▶ **ACTIVITY**: Pictures excluded, output the lines of the data below between the one holding "半场打花!迪亚斯造点,B费点" and the one holding "Want me to do", inclusive, exactly as they stand.
Start of SUPPLIED MATERIAL
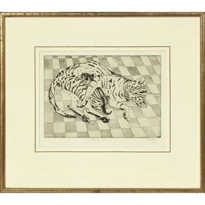 11.5cm x 12cm (4.5in x 4.75in) and another etching by Orvida Pissarro ‘Tabby Cat’ (2)
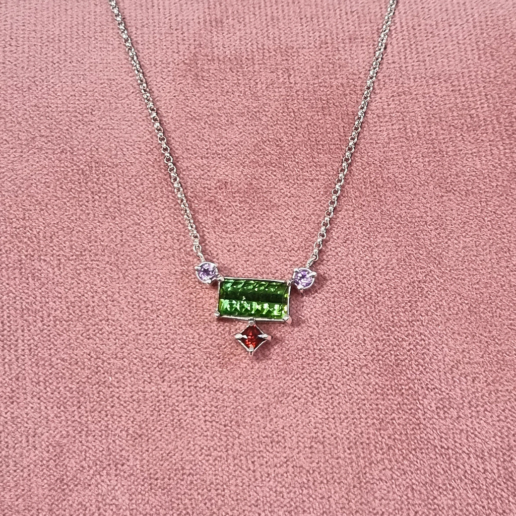 pedras: turmalina verde com lapidação Millenium, ametista e granada
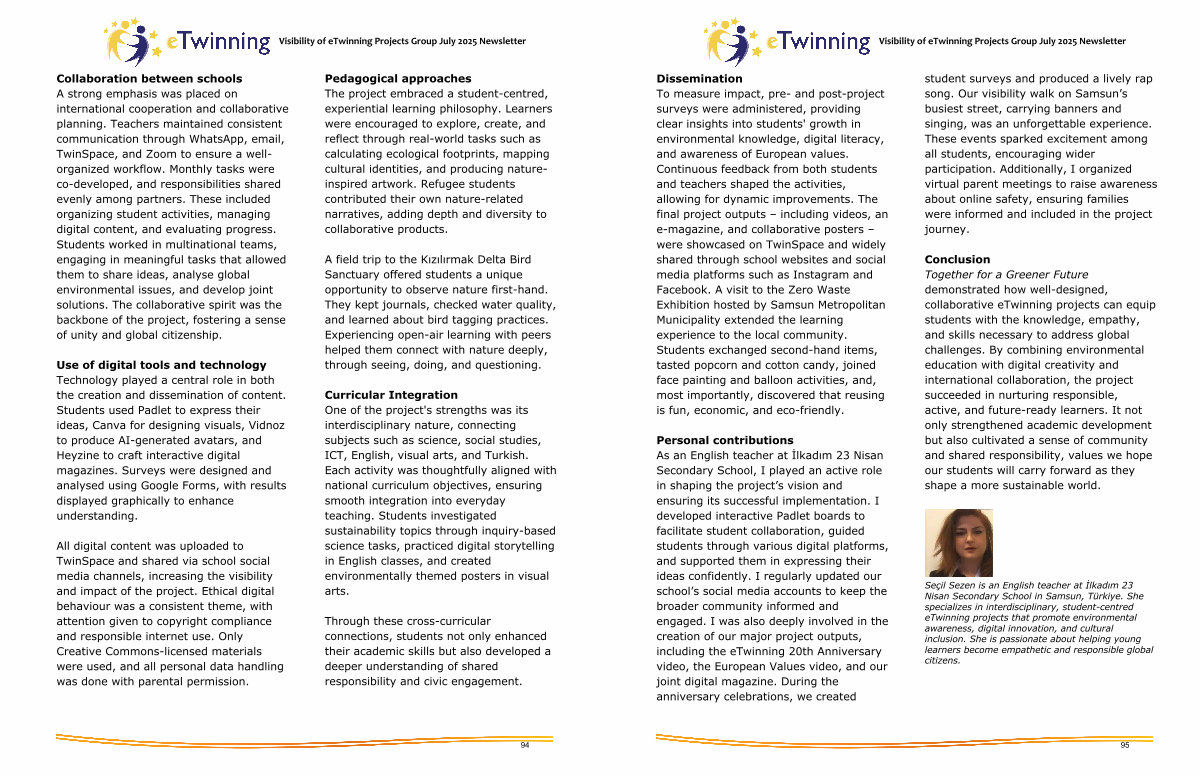 Personal contributions As an English teacher at İlkadım 23 Nisan Secondary School, I played an active role in shaping the project’ s vision and ensuring its successful implementation. I developed interactive Padlet boards to facilitate student collaboration, guided students through various digital platforms, and supported them in expressing their ideas confidently. I regularly updated our school’ s social media accounts to keep the broader community informed and engaged. I was also deeply involved in the creation of our major project outputs, including the eTwinning 20th Anniversary video, the European Values video, and our joint digital magazine. During the anniversary celebrations, we created
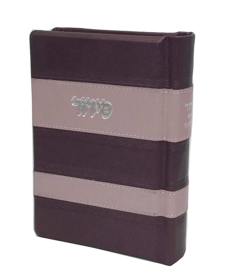 Leather Siddur Tehillas Hashem, Striped design, Maroon/Pink 5x7"
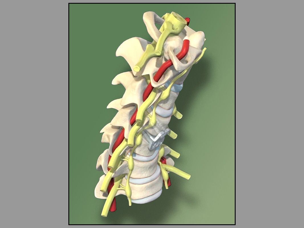 An animated sequence depicting the range of motion and integration of a Prestige Cervical disc to treat patients with herniated and/ or degenerated cervical intervertebral discs.
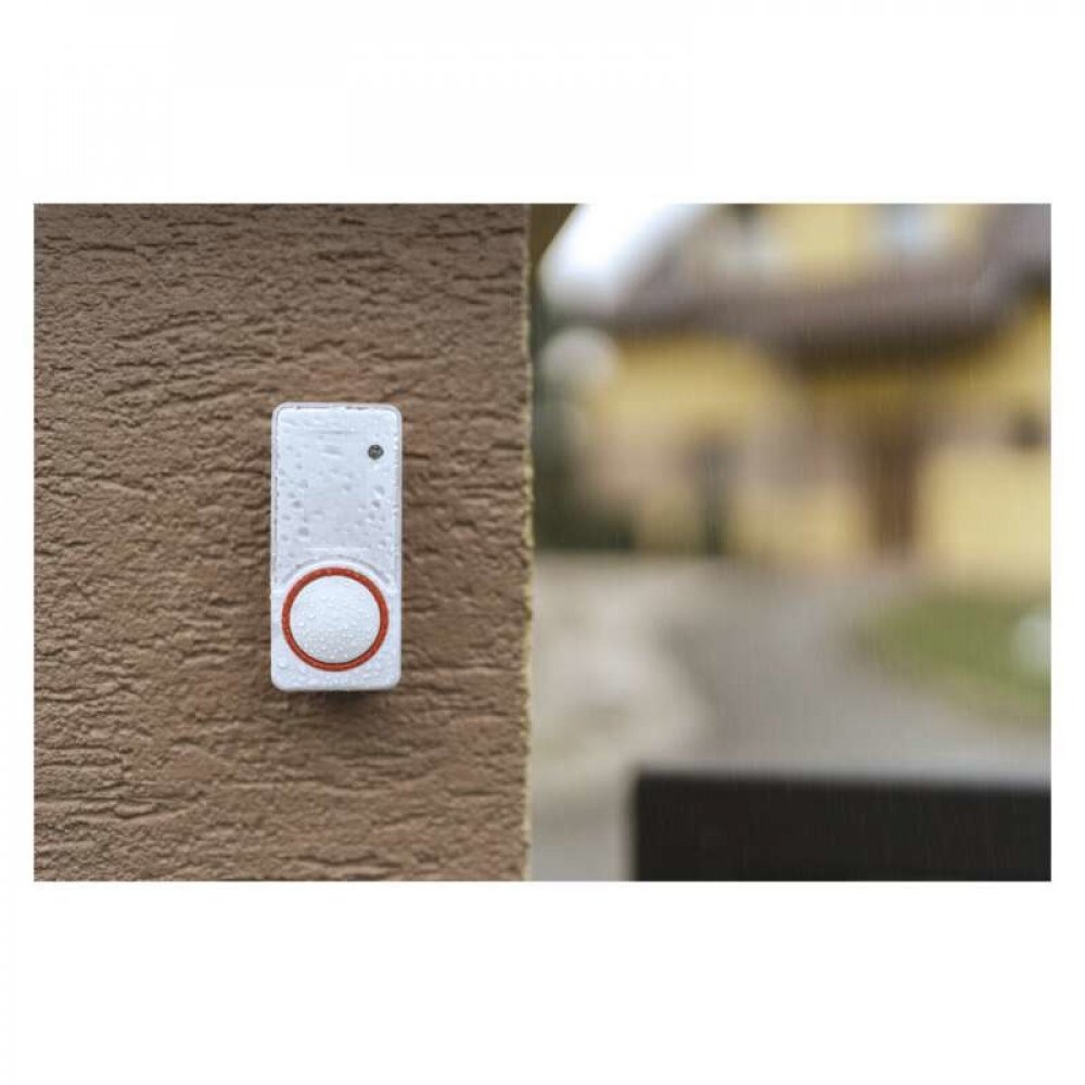 Tlačítko ke zvonku s krytím IP44 je plně připraveno i na vlivy nepříznivého počasí. Můžete ho tak umístit ke dveřím i k brance. Souprava má tzv. funkci „self-learning“ – zvonek má schopnost vygenerovat vlastní párovací kód, který tlačítko poté přijme a uloží si ho do paměti. Díky této funkci nejsou ovlivňovány soudední zvonky. Sestavu tak lze rozšiřovat doplňkovými tlačítky.
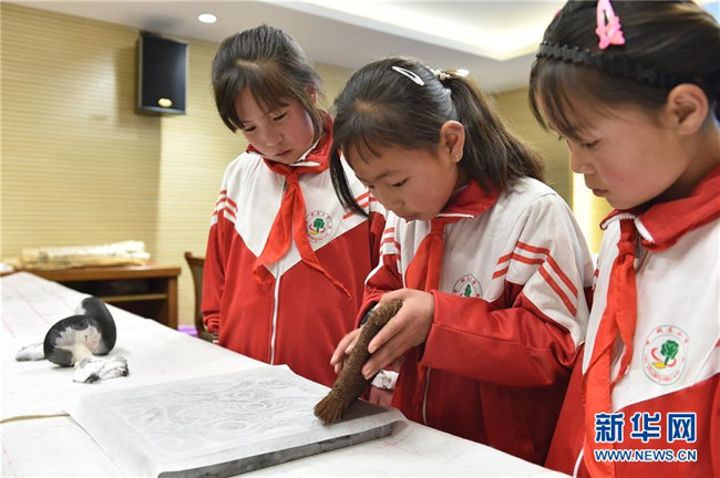 5月31日,學(xué)生們?cè)趯幭墓淘┪镳^體驗(yàn)拓印。新華社記者 唐亞蒙 攝
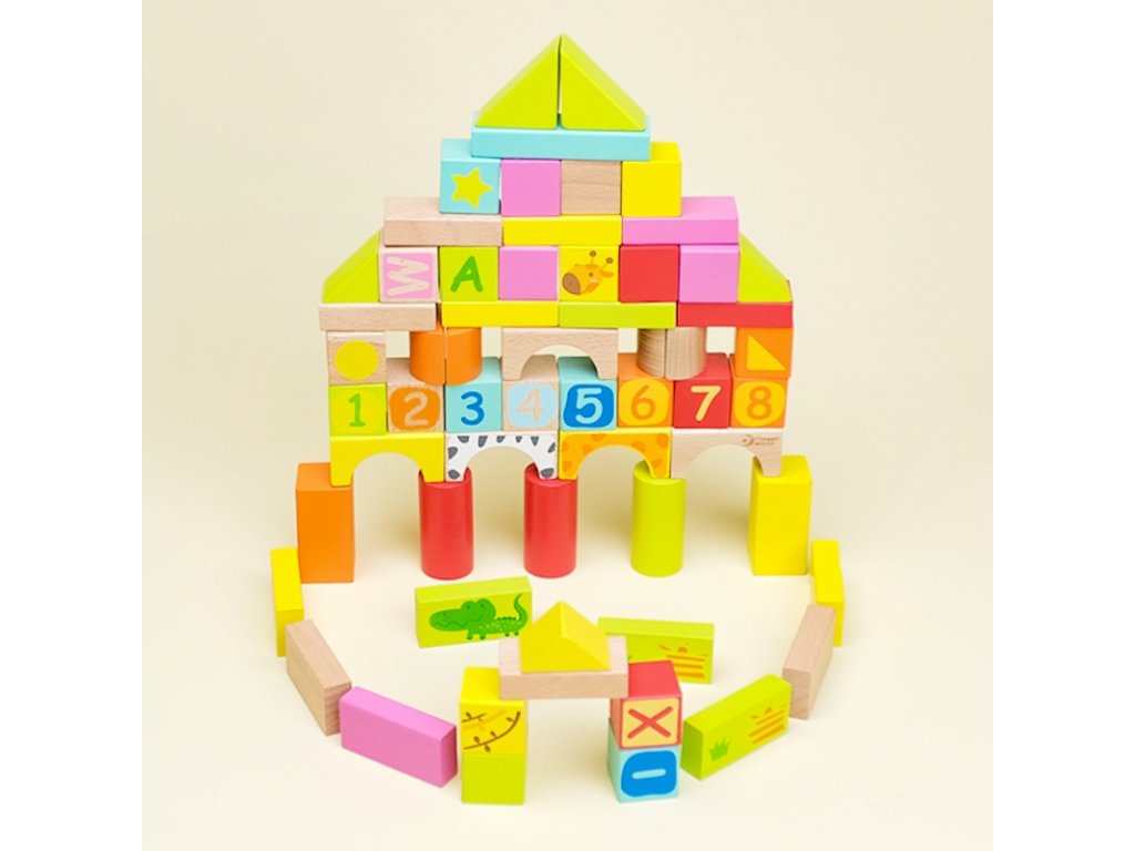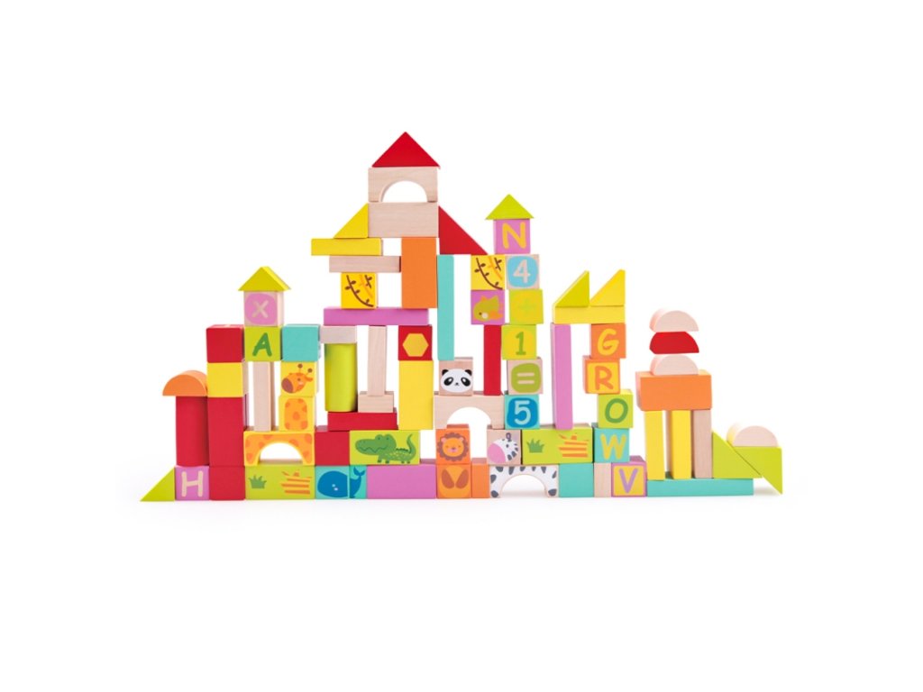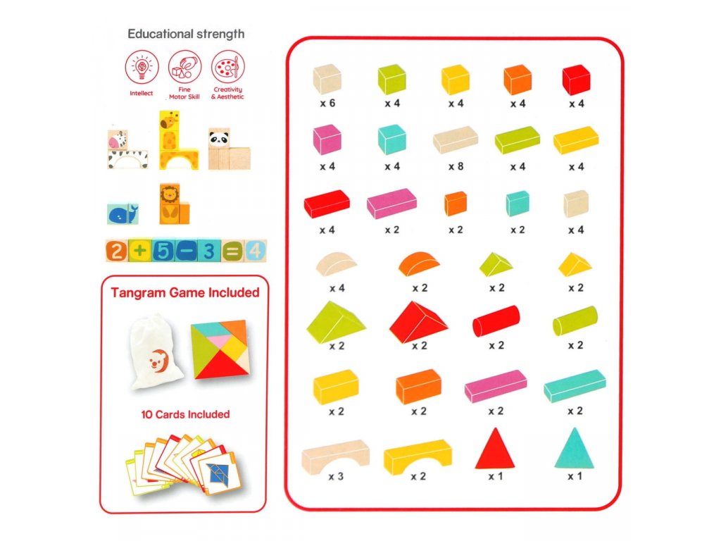 Sada veľmi pekných a veľkých drevených kociek s rôznymi prvkami ako zvieratá, písmena a číslice umožní deťom už od 12 mesiacov nekonečné množstvo stavania, učenia, zábavy a hrania. Súčasťou kociek je aj tangram.
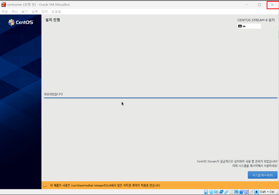 설치가 완료된 후에는 재시작 ㄴㄴ 창을 닫아준다.
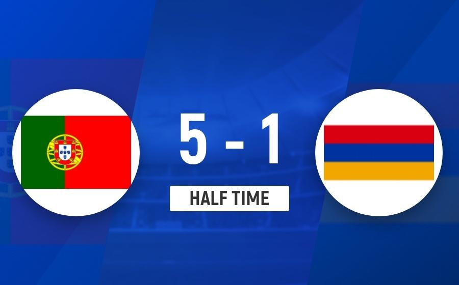 半场打花!迪亚斯造点,B费点射破门!葡萄牙5-1领先亚美尼亚! 今日世预赛,葡萄牙vs亚美尼亚,上半场补时阶段,迪亚斯禁区被拉拽倒地,裁判判罚点球!随后B费点射破门!葡萄牙5-1领先亚美尼亚!
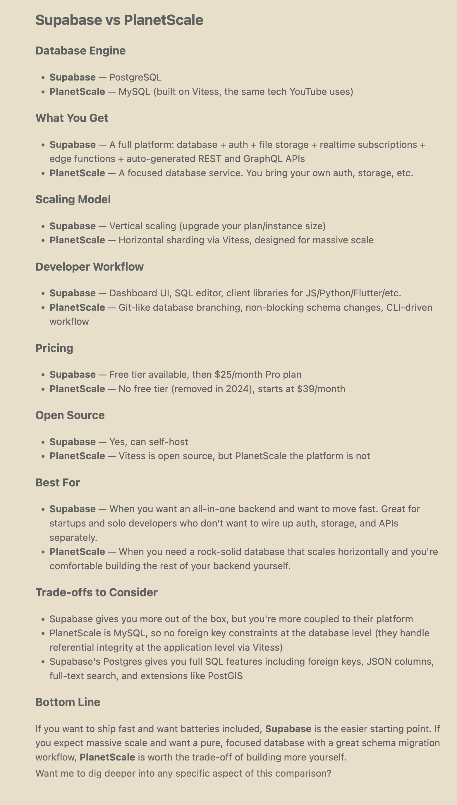 Want me to do a deeper comparison of any two of these? For example, I could compare Supabase vs PlanetScale since those are the two most commonly compared for this use case.
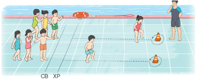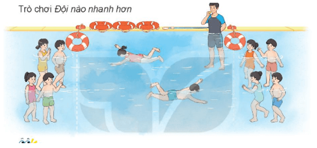 - Bước 3: Khi có hiệu lệnh, em đầu hàng của mỗi đội thực hiện động tác đập chân, khua tay trong nước di chuyển sang đội của mình bên kia, đến nơi thì chạm vào tay bạn đầu hàng của đội mình rồi đứng ở cuối hàng bên đó. Lần lượt các em tiếp theo thực hiện như em đầu tiên, đến em cuối cùng sau khi thực hiện xong thì giơ tay lên cao và hô ‘’Hết’’. Đội nào thực hiện xong trước là thắng cuộc.
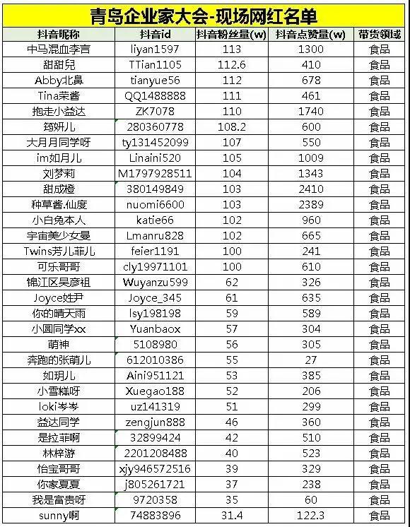 (网红主播部分名单)
End of SUPPLIED MATERIAL
▶ **REPLY**:
 半场打花!迪亚斯造点,B费点射破门!葡萄牙5-1领先亚美尼亚! 今日世预赛,葡萄牙vs亚美尼亚,上半场补时阶段,迪亚斯禁区被拉拽倒地,裁判判罚点球!随后B费点射破门!葡萄牙5-1领先亚美尼亚!
 Want me to do a deeper comparison of any two of these? For example, I could compare Supabase vs PlanetScale since those are the two most commonly compared for this use case.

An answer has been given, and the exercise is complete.